Bug 2048832

Summary: conf_url_rados: verify reload of exports when notified by Ceph's object watch-notify mechanism
Product: [Red Hat Storage] Red Hat Ceph Storage Reporter: Ram Raja <rraja>
Component: NFS-GaneshaAssignee: Venky Shankar <vshankar>
Status: NEW --- QA Contact: Vidushi Mishra <vimishra>
Severity: high Docs Contact:
Priority: medium    
Version: 5.1CC: aramteke, ffilz, fpantano, gfarnum, gfidente, gouthamr, hyelloji, kkeithle, mbenjamin, vereddy
Target Milestone: ---Keywords: CodeChange
Target Release: Backlog   
Hardware: Unspecified   
OS: Unspecified   
Whiteboard:
Fixed In Version: Doc Type: If docs needed, set a value
Doc Text:
Story Points: ---
Clone Of: Environment:
Last Closed: Type: Bug
Regression: --- Mount Type: ---
Documentation: --- CRM:
Verified Versions: Category: ---
oVirt Team: --- RHEL 7.3 requirements from Atomic Host:
Cloudforms Team: --- Target Upstream Version:
Embargoed:
Bug Depends On:    
Bug Blocks: 1961115, 2160010    

Description Ram Raja 2022-01-31 23:05:32 UTC
Description of problem:

By setting watch_url in RADOS_URLS config block, we can have nfs-ganesha watch a Ceph RADOS object. When an application (e.g., ceph's mgr/nfs module) wants ganesha to dynamically reload its exports, it notifies the watched RADOS object and makes nfs-ganesha send itself a SIGHUP. The watch callback handler, 'rados_url_watchcb', sends ack back to the notifier before sending SIGHUP to reload ganesha's exports [1]. This means that the application isn't aware of the result of the config reload. This is unlike DBus Add/Remove/Update Export interfaces that sends success or error message back to the application.

Proposed solution:

Jeff Layton suggested that the watch callback handler could directly call reread_config() and send back errors. This will mean that the watch callback will block and wait for some event. The change won't be trivial as possible deadlocks will need to be avoided. The Ceph context where the watch callback runs, and the librados mutexes held in it will need to be considered.
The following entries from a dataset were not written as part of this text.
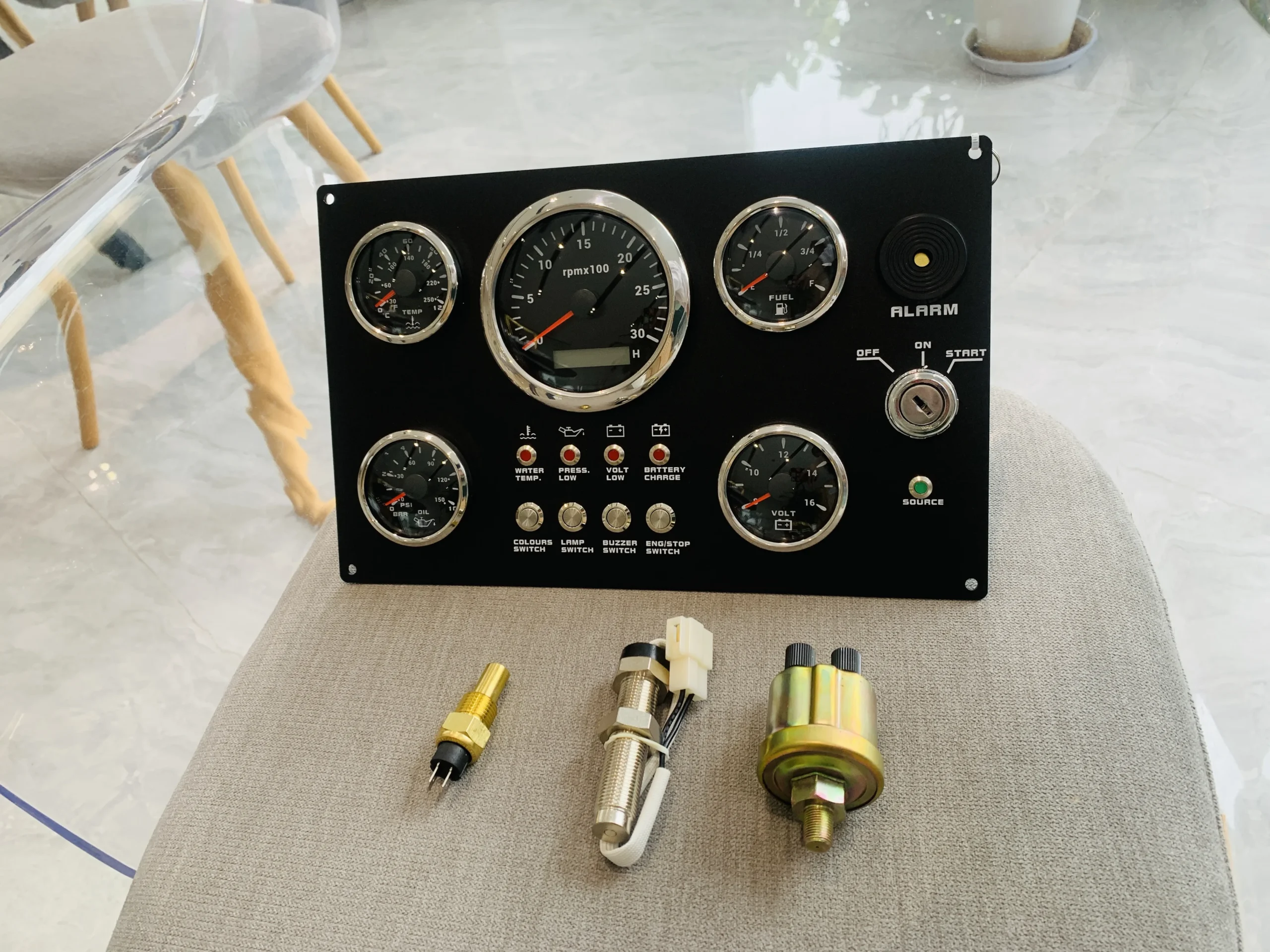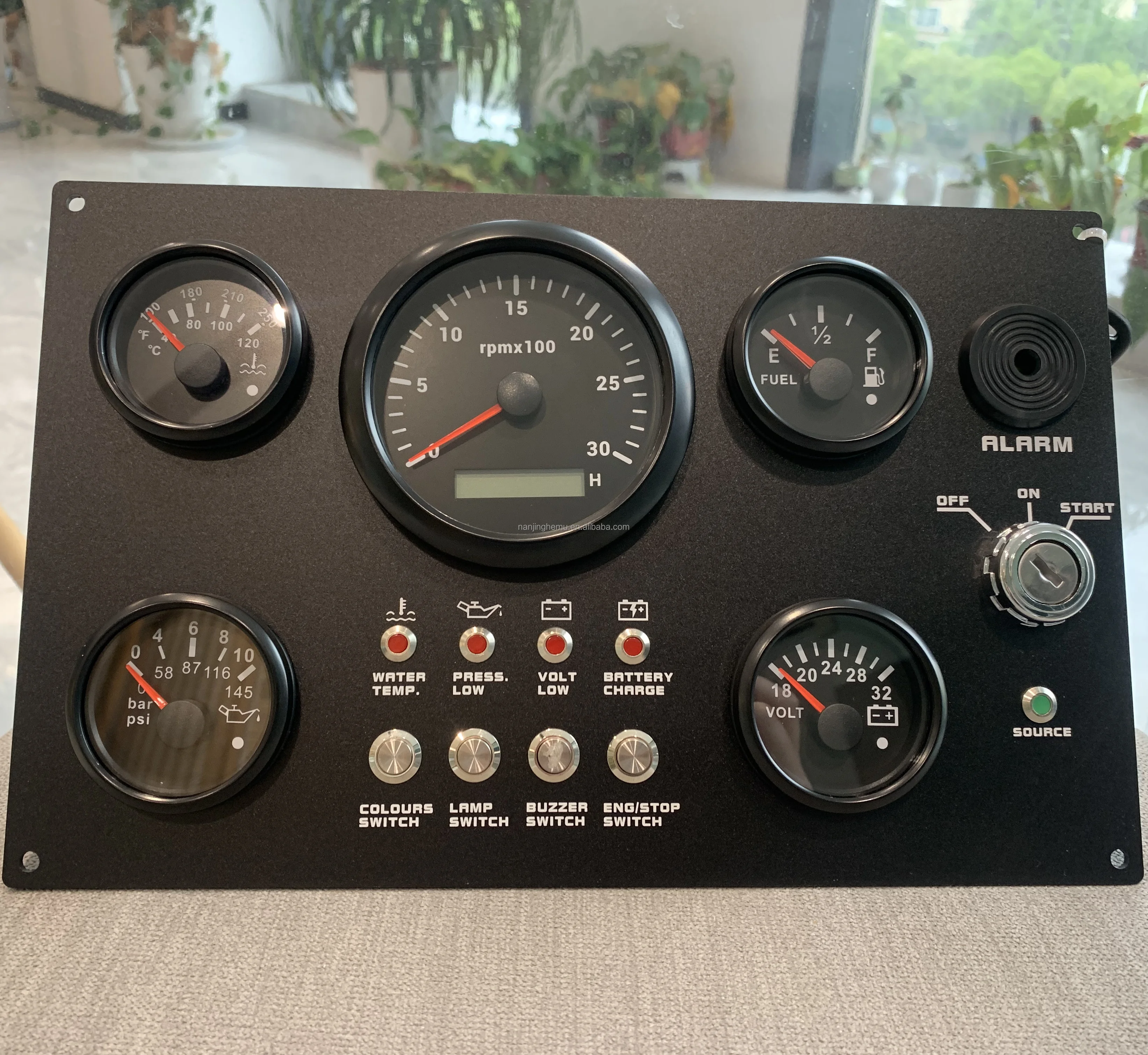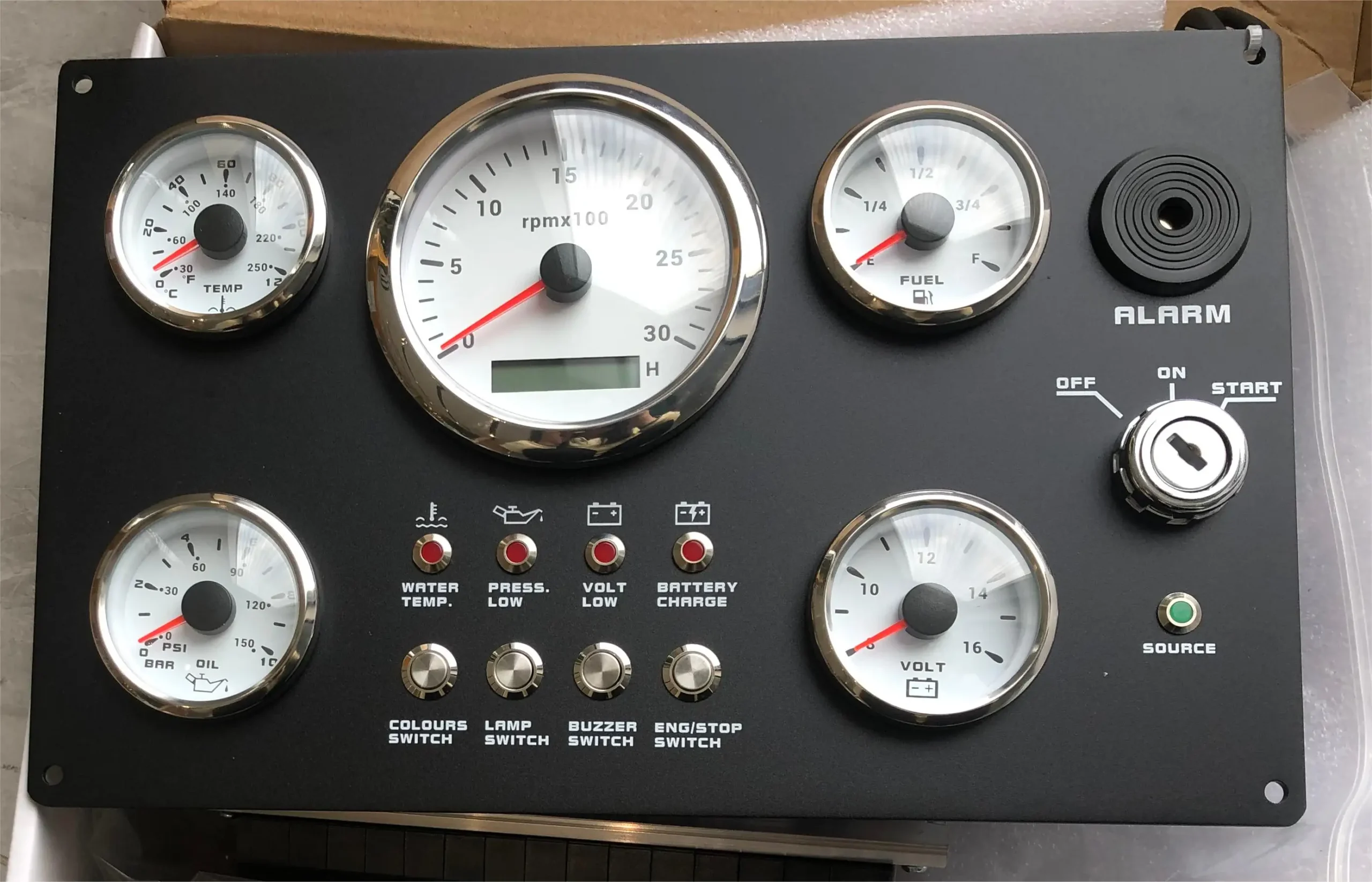 Features: | The gauge can be change: Tachometer with Digital Hour Meter:0-3000/4000/6000/7000/8000RPM Water Temperature gauge:40-120degree Oil Pressure gauge:0-5bar/0-10bar Volt meter:8-16V/16-32V Fuel Level gauge:0-190ohm/240-330hm Marine grade push button Switch (Engine Stop or Pre-heat) Marine grade Ignition key Sealed Key Switch. 4-position With Anti-restart 10A at 12V Four positions: Accessory – Off – Ignition/Accessory – Start. Spring return to Off. Key switch is constructed from engineering thermoplastic and is fully sealed using O-rings and ultrasonic welding to protect switch to ip67 (with connector installed). Plastic face nut and nickel-plated brass backing nut. Supplied with two matching keys. and with protective key boot. 2 tone Alarm Pizzo Siren |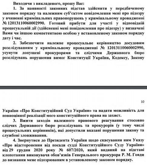 Він називає справу проти нього сфальсифікованою і політично вмотивованою і просить Венедіктову, щоб йому було на законних підставах повідомлено про підозру. Він готовий прийти у назначений час.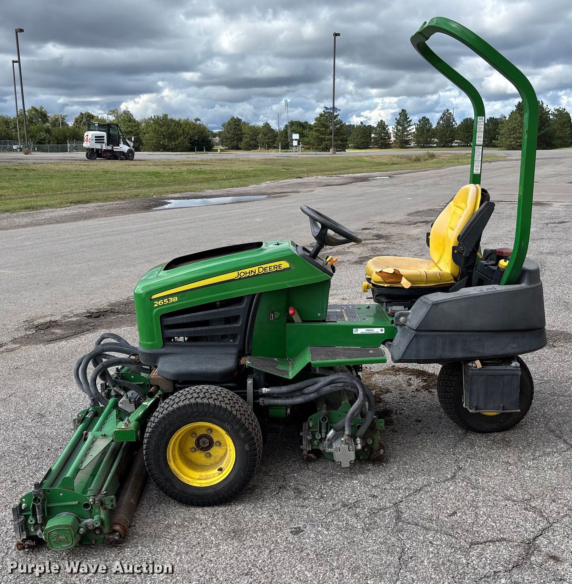 Purple Wave is selling a used Commercial Turf Mower in Kansas. This item is a 2009 John Deere 2653B reel mower with the following: Hours: 2,650 on meter, Cutting width: 84", Serial: TC2653T030011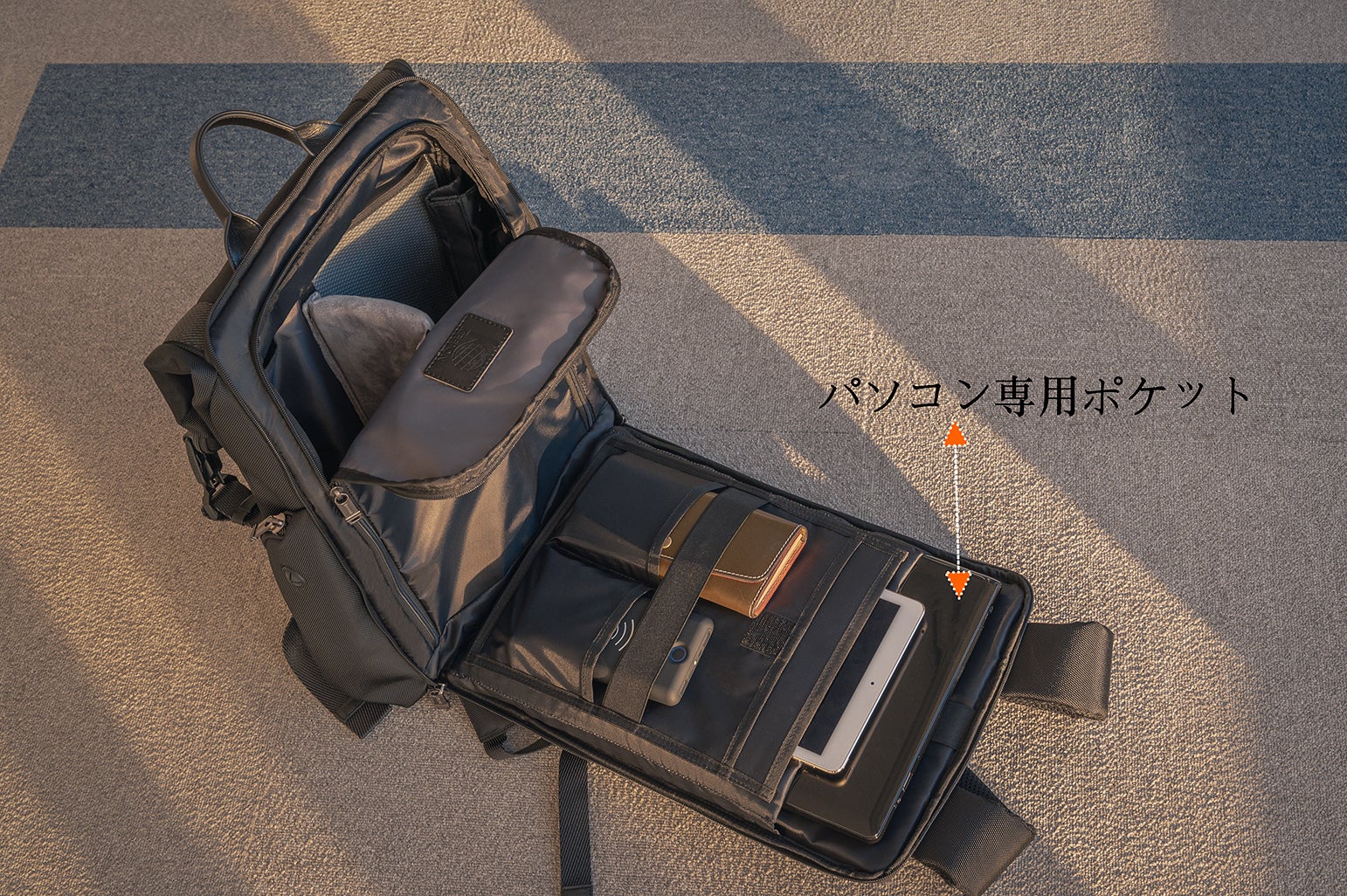 PC収納ポケットは自分の好きな角度で開けられるように作っている為、空港での手荷物検査の際は、電子機器などを取り出さなくても、セキュリティチェックにすばやく対応することができます。

[1] https://github.com/nfs-ganesha/nfs-ganesha/commit/b75f5f84fc#diff-bd5efdcc946acd67af5f6149d67c6d651a6f4abb6cbb8823fba167e39fca6c32R364

Comment 1 RHEL Program Management 2022-01-31 23:05:39 UTC
Please specify the severity of this bug. Severity is defined here:
https://bugzilla.redhat.com/page.cgi?id=fields.html#bug_severity.

Comment 2 Ram Raja 2022-01-31 23:19:47 UTC
Use case:

OpenStack Manila's CephFS NFS driver wants to use Ceph's object watch/notify mechanism to dynamically add/remove/update NFS exports. The driver is currently using DBus add/remove/update exports signals that sends back the result of the exports being reloaded. So the manila driver expects Ceph's object watch/notify mechanism to similarly return the result of ganesha export reloads.

Comment 4 Frank Filz 2022-01-31 23:52:43 UTC
That could certainly be done and would not be a huge effort, other than resolving any deadlock issues. Hopefully any locks could be dropped before invoking the Ganesha export reload since that would be a side effect of the data base changes.